A list of fenr_terms objects containing functional data for various ontologies. fetch_terms_for_example can be used to create this object.

Value

An interactive Shiny app

Examples

## Not run: 
data(yeast_de)
term_data <- fetch_terms_for_example(yeast_de)
  enrichment_interactive(yeast_de, term_data)

## End(Not run)

Example set of background genes.

Description

A set of gene names for proteins that could be detected in a typical proteomics experiment on yeast samples.

Usage

data(exmpl_all)

Format

A character vector with 6985 elements.

Value

A vector with background gene names.


Example set of selected genes.

Description

A set of gene names manually selected to illustrate functional enrichment.

Usage

data(exmpl_sel)

Format

A character vector with 21 elements.

Value

A vector with selected gene names.


Get functional term data from BioPlanet

Description

Download term information (term ID and name) and gene-pathway mapping (NCBI gene ID, gene symbol and pathway ID) from BioPlanet.

Usage

fetch_bp(use_cache = TRUE, on_error = c("stop", "warn", "ignore"))

Arguments

use_cache

Logical, if TRUE, the remote file will be cached locally.

on_error

A character string indicating the error handling strategy: either "stop" to halt execution, "warn" to issue a warning and return 'NULL' or "ignore" to return 'NULL' without warnings. Defaults to "stop".

Value

A list with terms and mapping tibbles.

Examples

bioplanet_data <- fetch_bp(on_error = "warn")

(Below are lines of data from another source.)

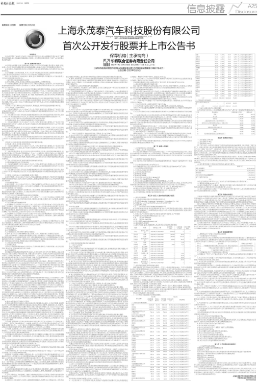 上海永茂泰汽车科技股份有限公司申请其股票上市符合《中华人民共和国公司法》、《中华人民共和国证券法》及《上海证券交易所股票上市规则》等法律、法规的有关规定,发行人股票具备在上海证券交易所上市的条件,华泰联合证券有限责任公司愿意推荐发行人的股票上市交易,并承担相关保荐责任。
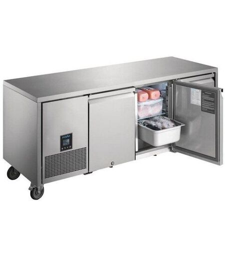 La table réfrigérée négative trois portes Polar Série U Premium est une solution polyvalente et robuste pour les cuisines professionnelles moyennes et grandes. Elle combine un espace de stockage fiable et un comptoir de préparation pratique en acier inoxydable, permettant de réduire le temps passé à déplacer les produits dans la cuisine. Caractéristiques principales Marque : Polar Capacité totale : 420 L (capacité nette : 307 L) Dimensions externes : 850(H) x 1885(L) x 660(P) mm Dimensions internes : 55,5(H) x 132(L) x 56(P) cm Dimensions - Isolation : 7,5 cm Réfrigérant : R290 / GWP 3 / 144 g Plage de température : -22 °C à -18 °C Alimentation : 220-240V Poids : 153 kg Prise : OuiPoints forts Performance avancée : Refroidissement à air pulsé offrant une réfrigération constante et fiable, même dans des conditions ambiantes jusqu'à 43 °C. Grande capacité : Stockez une importante quantité de produits tout en accédant facilement à vos ingrédients grâce aux portes verrouillables et aux étagères robustes. Compatibilité GN 1/1 : Les supports d'étagère anti-basculement en forme de E permettent d'utiliser des bacs GN et des étagères simultanément, maximisant ainsi l'espace disponible. Conception pratique : Comptoir en inox pour une préparation rapide et hygiénique, avec un intérieur et un extérieur faciles à nettoyer. Entretien simplifié : Dégivrage automatique au gaz chaud et condenseur autonettoyant pour maintenir les performances optimales avec un minimum d'effort. Éclairage LED : Illumination intérieure facilitant la recherche rapide des produits. Mobilité et sécurité : Roulettes verrouillables pour un positionnement et un déplacement aisés, ainsi que des portes verrouillables pour protéger vos produits. Informations techniques Eco-participation : 16,68¿ par unité (applicable en France uniquement). Classe énergétique : D Indice d'efficacité énergétique (IEE) : 69 Consommation énergétique annuelle : 2875 kWh/an Classe climatique : 5 (fonctionne dans des températures ambiantes jusqu'à 40 °C). Avantages d'utilisation Polyvalence : Idéale pour stocker et préparer des produits congelés directement au sein de la cuisine. Gain d'espace : L'utilisation de bacs GN et d'étagères sur les mêmes supports optimise la capacité de stockage. Économie d'énergie : Les technologies avancées réduisent la consommation énergétique tout en maintenant une performance optimale. ...
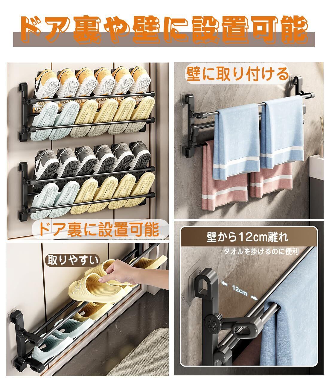 【優れた素材】スリッパラック 壁掛けは、優れた亜鉛メッキ鋼管とABS素材で作られており、防水性、防錆性、耐摩耗性、耐傷性、耐久性の利点があります。浴室に置いてもサビの心配がありません。付属の8枚の粘着シールは粘着力が強く、耐荷重性に優れており、家族の靴を簡単に収納できます。
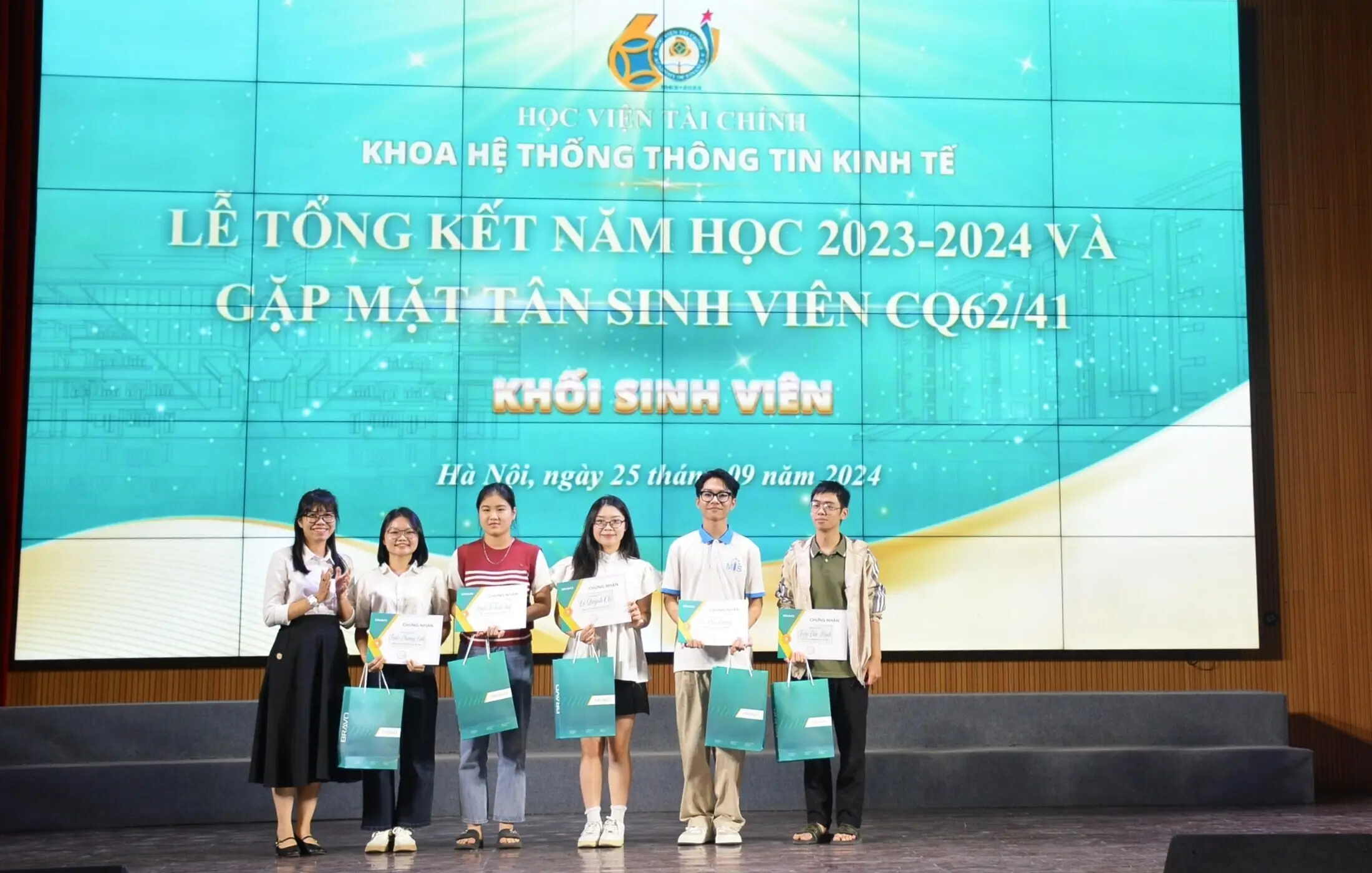 Tối ngày 25/09/2024, tại HT700 Học viện Tài chính, Lễ Tổng kết năm học 2023 – 2024 của Khoa HTTTKT đã được long trọng tổ chức với sự tham dự của các vị đại biểu, giảng viên khoa, doanh nghiệp đối tác cùng đông đảo sinh viên. Là doanh nghiệp hợp tác với Khoa, Công ty Cổ phần Phần mềm BRAVO (văn phòng Hà Nội) đã vinh dự được đồng hành, tham dự và trao học bổng cho các sinh viên có thành tích xuất sắc bao gồm: thủ khoa đầu vào của CQ62 và sinh viên năm 3 có kết quả học tập xuất sắc trong năm học vừa qua.
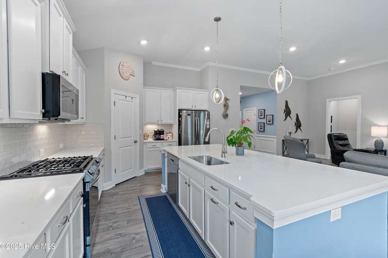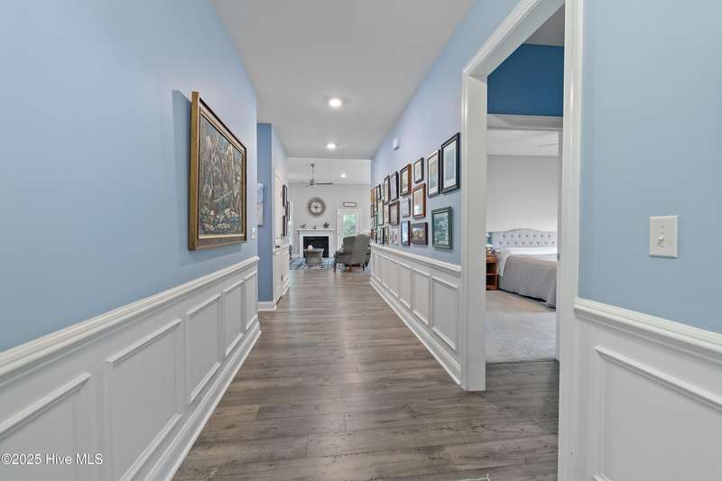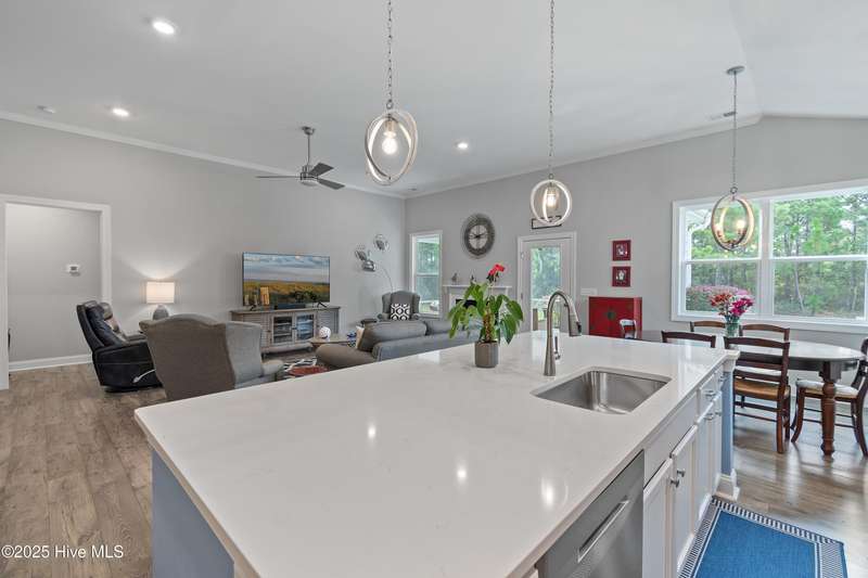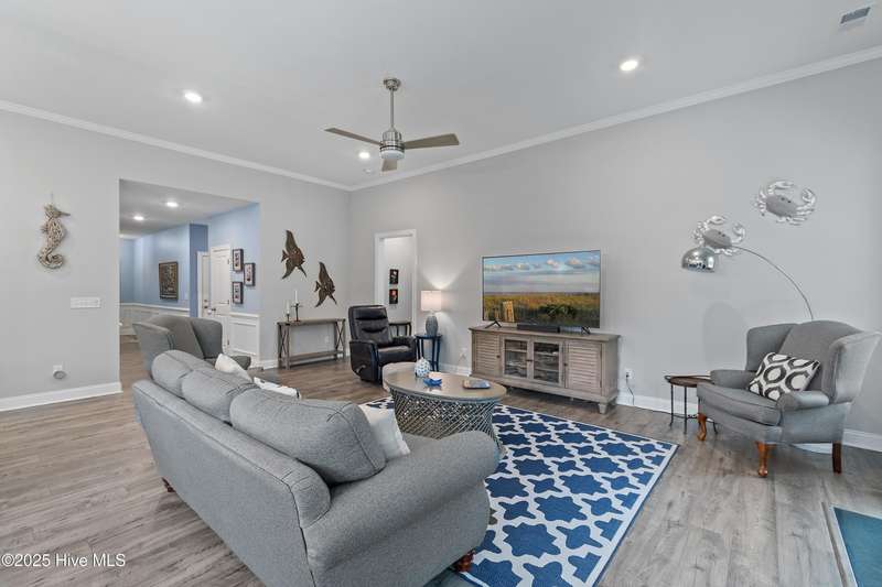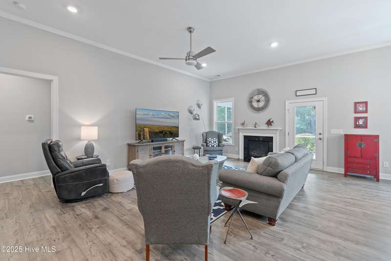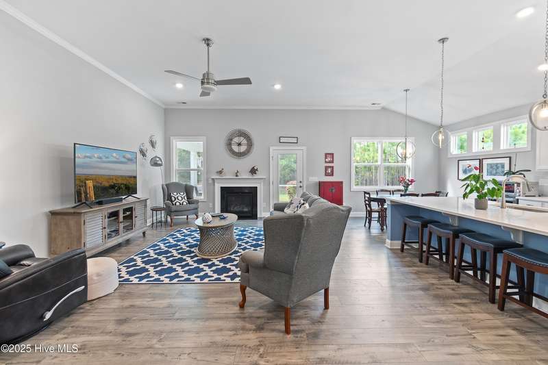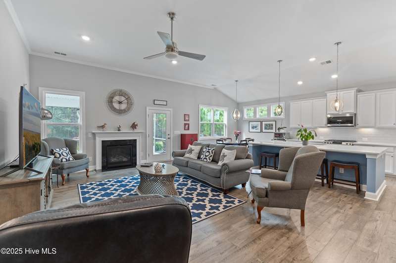 New Price will have this one moving fast! Great size and charming coastal home in The Hammocks of St. James Plantation. This delightful home offers a carefree lifestyle with modern amenities and a cozy, welcoming design. Featuring three spacious bedrooms and two full bathrooms, the property is enhanced by low-maintenance landscaping that adds curb appeal without the hassle. Step through the bright entryway, where custom wainscoting sets an elegant tone, and luxury vinyl flooring leads you past two sunlit guest bedrooms. Each bedroom boasts generous closet space and large windows that flood the rooms with natural light. They share a beautifully appointed hall bathroom with tile flooring and a tub/shower combo, combining style and functionality for family and guests. The foyer opens into an open concept living space that seamlessly blends the living room, dining area, and kitchen. The living room centers around a cozy gas fireplace, accented with sleek black tile and a classic wood mantle. The kitchen is a chef's dream, featuring a large island with counter-height seating, stone countertops, stylish pendant lighting, stainless steel appliances, a gas stove, tiled backsplash, ample cabinetry, and a walk-in pantry. The dining area, bathed in natural light, flows effortlessly into the enclosed screened porch, offering a serene space for entertaining or quiet relaxation. Step outside to a spacious backyard oasis bordered by mature trees that provide natural beauty and privacy. The screened porch and adjoining patio extend the living space outdoors, perfect for grilling, entertaining, or simply enjoying a peaceful afternoon with a book. The owner's suite is designed for comfort and relaxation. A tray ceiling adds an airy elegance, while the spacious walk-in closet offers ample storage. The luxurious ensuite bathroom features stunning tile flooring and shower surround, a built-in bench, convenient niches for toiletries, a dual sink vanity, private water closet, and dedicated linen storagecreating a spa-like experience within your own home. 3054 Beachcomber Drive is the perfect blend of coastal charm and modern comfort, offering an inviting design, luxurious features, and versatile spaces. Schedule your tour today and experience the relaxed, carefree lifestyle of the Seaside community in St. James Plantation. Don't miss your chance to make this coastal gem your next home and start enjoying everything St. James has to offer.
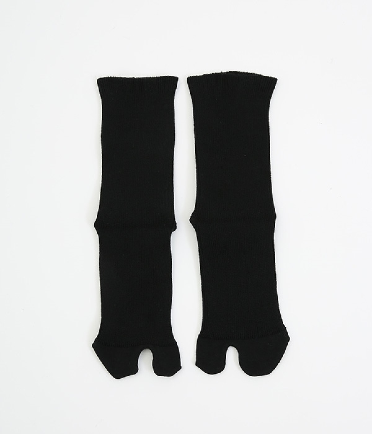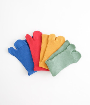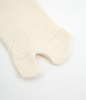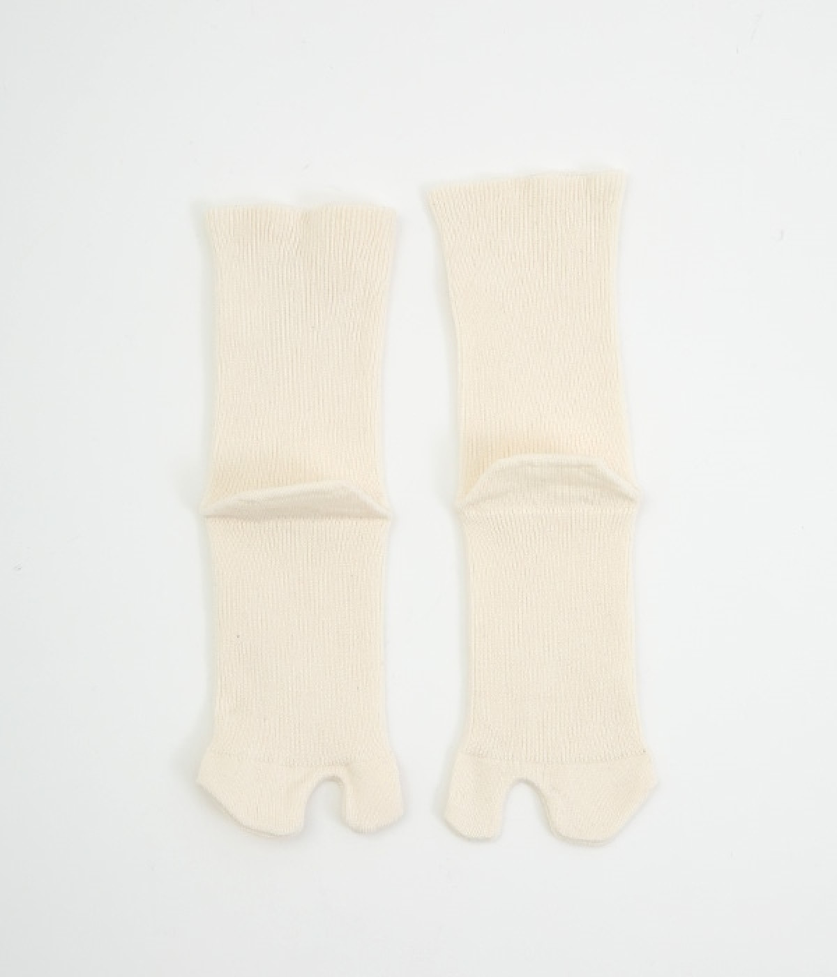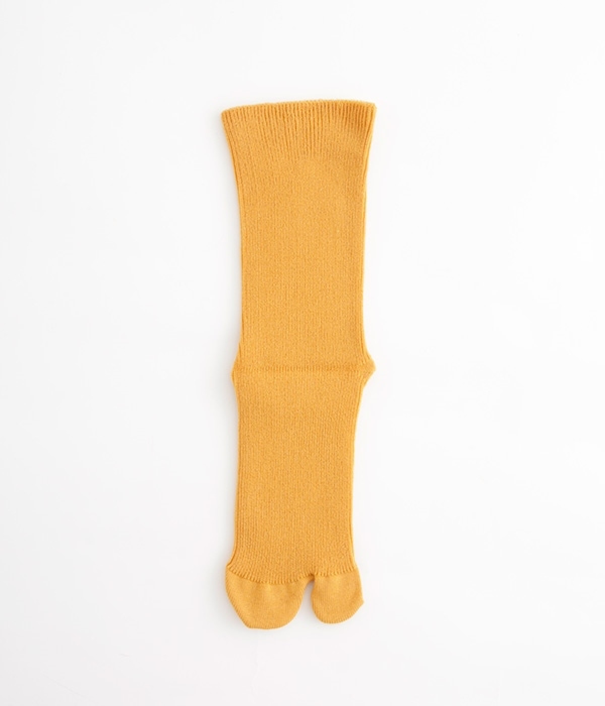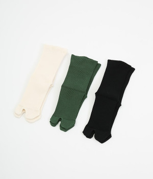 伸縮性があってフィット感も抜群、シャリのある爽やかな履き心地が特徴のギザコットンを使用したリブ編みソックスです。親指と他4本の指に分かれた足袋ソックスは、歩く時に地面をしっかりと踏むことで血行が促され、冷え性改善にも繋がります。また外反母趾や扁平足の対策にも最適で、ムレにくい特性もあります。履き口は切り替えのないフラットな形状なので、足元をスッキリと見せてくれるのも嬉しいポイントです。

Get Gene Ontology (GO) data

Description

This function downloads term information (GO term ID and name) and gene-term mapping (gene ID, symbol, and GO term ID) from either the Ensembl database (using BioMart) or the Gene Ontology database (using GAF files), depending on the provided argument.

Usage

fetch_go(
  species = NULL,
  dataset = NULL,
  use_cache = TRUE,
  on_error = c("stop", "warn", "ignore")
)

Arguments

species

(Optional) Species designation. Examples are goa_human for human, mgi for mouse, or sgd for yeast. Full list of available species can be obtained using fetch_go_species - column designation. This argument is used when fetching data from the Gene Ontology database.

dataset

(Optional) A string representing the dataset passed to Ensebml's Biomart, e.g. 'scerevisiae_gene_ensembl'. To see the different datasets available within a biomaRt you can e.g. do: mart <- biomaRt::useEnsembl(biomart = "ensembl"), followed by biomaRt::listDatasets(mart).

use_cache

Logical, if TRUE, the remote data will be cached locally.

on_error

A character string indicating the error handling strategy: either "stop" to halt execution, "warn" to issue a warning and return 'NULL' or "ignore" to return 'NULL' without warnings. Defaults to "stop".

Details

If species is provided, mapping from a Gene Ontology GAF file will be downloaded. GAF files contain more generic information than gene symbols. In this function, the third column of the GAF file (DB Object Symbol) is returned as gene_symbol, but, depending on the species argument it can contain other entities, e.g. RNA or protein complex names. Similarly, the eleventh column of the GAF file (DB Object Synonym) is returned as gene_id. It is up to the user to select the appropriate database.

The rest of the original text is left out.